Nearly all (95%) open source vulnerabilities are found in transitive or indirect dependencies, according to a new report from Endor Labs that highlights the challenges of remediation in these environments.
To better understand the security impact of dependencies in open source environments, Endor Labs analyzed the Census II report, described as containing a list of the most popular open source components used in apps today.
It took its description of 1833 packages and enriched it with data from other sources, including Libraries.io, Maven and Maven Central to compile the State of Dependency Management report.
Open source is increasingly favored by developers as a way to accelerate time to market.
However, as the report explained, only a small (5%) number of these so-called software dependencies are actually chosen by DevOps teams. Most are automatically pulled into the codebase – known as transitive/indirect dependencies.
This can add extra risk if they’re not all mapped, with any associated bugs remediated.
“In this environment, open source software is the backbone of our critical infrastructure – but even veteran developers and executives are often surprised to learn 80% of the code in modern applications comes from existing OSS,” said Varun Badhwar, co-founder and CEO of Endor Labs.

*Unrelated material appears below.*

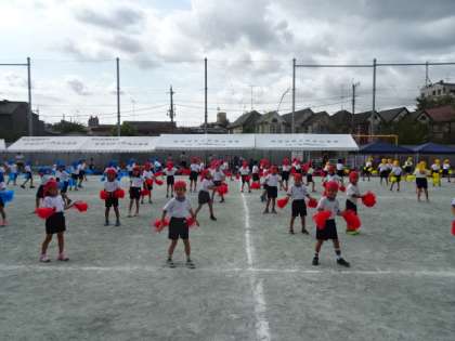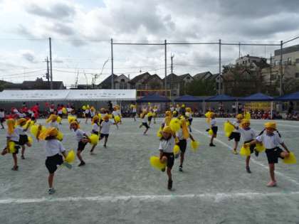 プログラム3、1年生の「ピッカピカの1年生」です。小学生になって初めての表現発表会。クラスカラーのボンボンを力いっぱい振りながら、校庭いっぱいを使って踊ります。

“This is a huge arena, yet it’s been largely overlooked. This first report from Station 9 makes clear the depth of the problems in this area, and the need for substantive solutions. If the reuse of open source code is to live up to its potential, then security needs to move to the top of the priority list.”
The report revealed that half (50%) of the packages listed in Census II didn’t even have a release in 2022 and 30% had their last update in 2018, making it more likely that they contain unfixed vulnerabilities.
Even if developers use the latest version of an open source packages there’s a 32% chance it will contain vulnerabilities, the report claimed.
It argued that “reachability” is the most important criteria for prioritizing transitive vulnerabilities, as this is a precursor for exploitation.
A separate report from Sonatype released earlier in 2022 claimed that transitive dependencies accounted for six out of every seven bugs affecting open source projects over the past year.